Imagine a bucket filled with water. Now that bucket is tied to the ceiling with an elastic string with a torsional constant C. The bucket has some mass m. It is fillled with water upto a height, say h. We are considering it to be a perfect cylinder. Now a tap like structure is created at bottom of bucket such that water is ejected tangentially. Can you make a function for the initial time period of the damped SHM? Any values or constants please assume as a general case.

Answer 1

@JamesJ try this mann.

Answer 2

First, what is the equation of motion (the differential equation; don't solve it; just write it down) if the elastic string offered no resistance to the torque from the water flowing out?

Answer 3

The equation will be an equation in theta and theta'', where ' = d/dt.

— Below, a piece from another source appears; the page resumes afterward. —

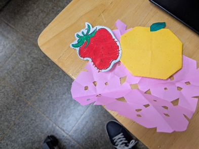 ファシリテーターが少しうらやましそうにしていたところ、参加者の方が「ゆず」を折ってプレゼントしてくれました。さらに「いちばんきれいに塗ったいちごです」と、なぜかファシリテーターへの納品も。思わぬ交流が生まれた、温かいひとときとなりました。
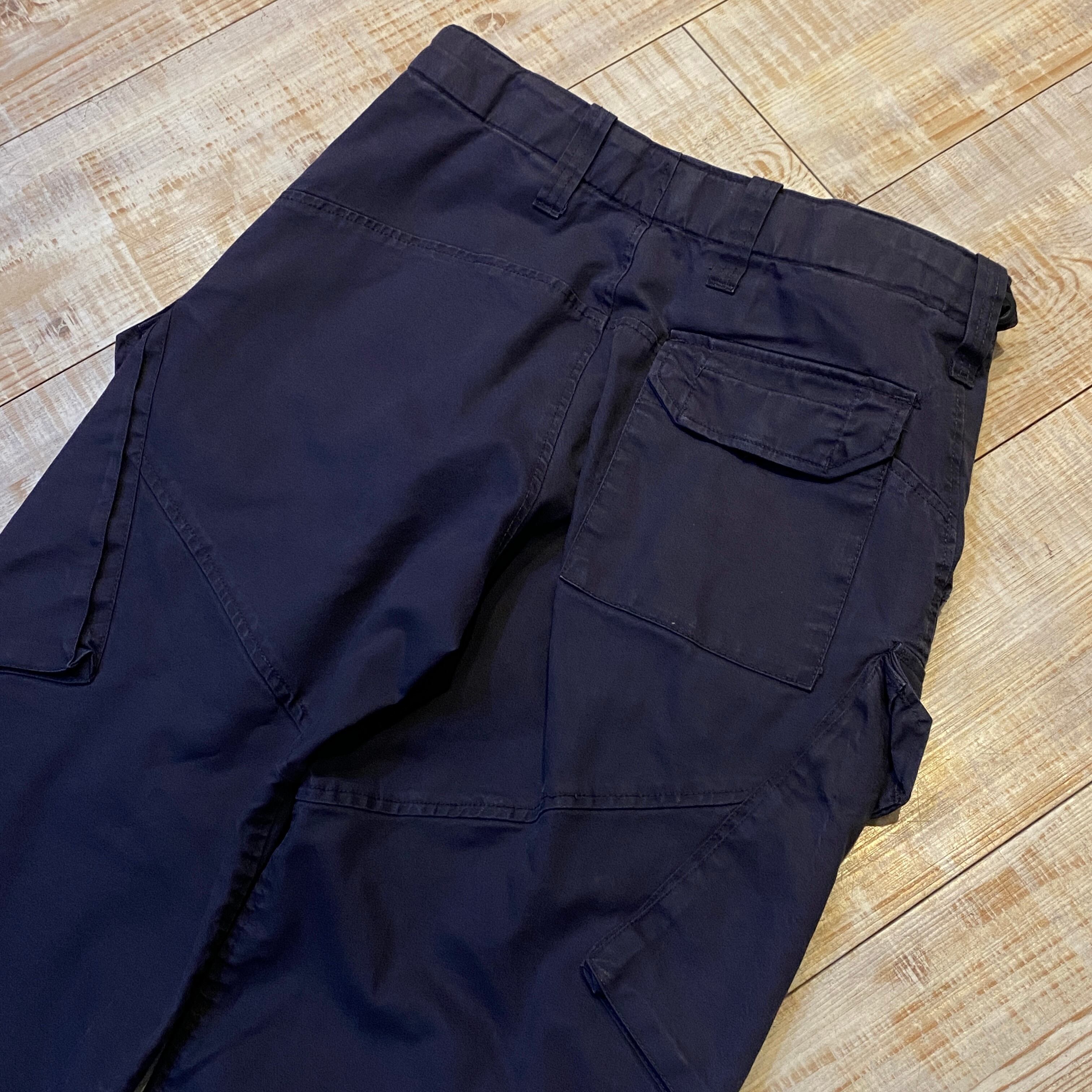 商品説明 : イギリス軍ロイヤルネイビーのコンバットパンツになります。6ポケットのサイドポケットがつく所謂"カーゴパンツ"ですが、ポケットが斜めについている点や、ウエストのタック、ボタンなど米軍物とは一線を画すデザインになっています。バックポケットはフラップ付き、裾はドローコードが着く為ディテールの変化も楽しめます。

Then we will need to layer on a term for the torsion. That I am not sure exactly how to do and would need to look some things up.

Answer 4

Once we have the complete second order ODE, we can write down a solution in terms of the coefficients; that last piece I can also do.

But I need you to figure out how torsion will impact theta, theta', ... I.e., what is the torque the the rotated string puts on the bucket?

Answer 5

Hi, James.
Totally missed the notification for this. Thanks for replying.
About the torque dueto the Water initially, That would be = 2apgh*(h)
Whre a is area of hole. p is density. Not so sure.
Annd. Now the trouble is in getting a relation between the angle rotated and the water emptied.
Because torque varies as h.
Thereore theta does.
Rstoring torque is well, T= 1/2 pi*(modulus of rigidity)* r^4 /l * theta.

Answer 6

How can we smplysubtract it?
Would that work?

Answer 7

In your formula for restoring torque, is this what you are saying:
\[ \tau = \frac{\pi}{2} \frac{R^4}{I} \theta \]
where R = modulus of rigidity and \( I \) is the moment of inertia of the bucket?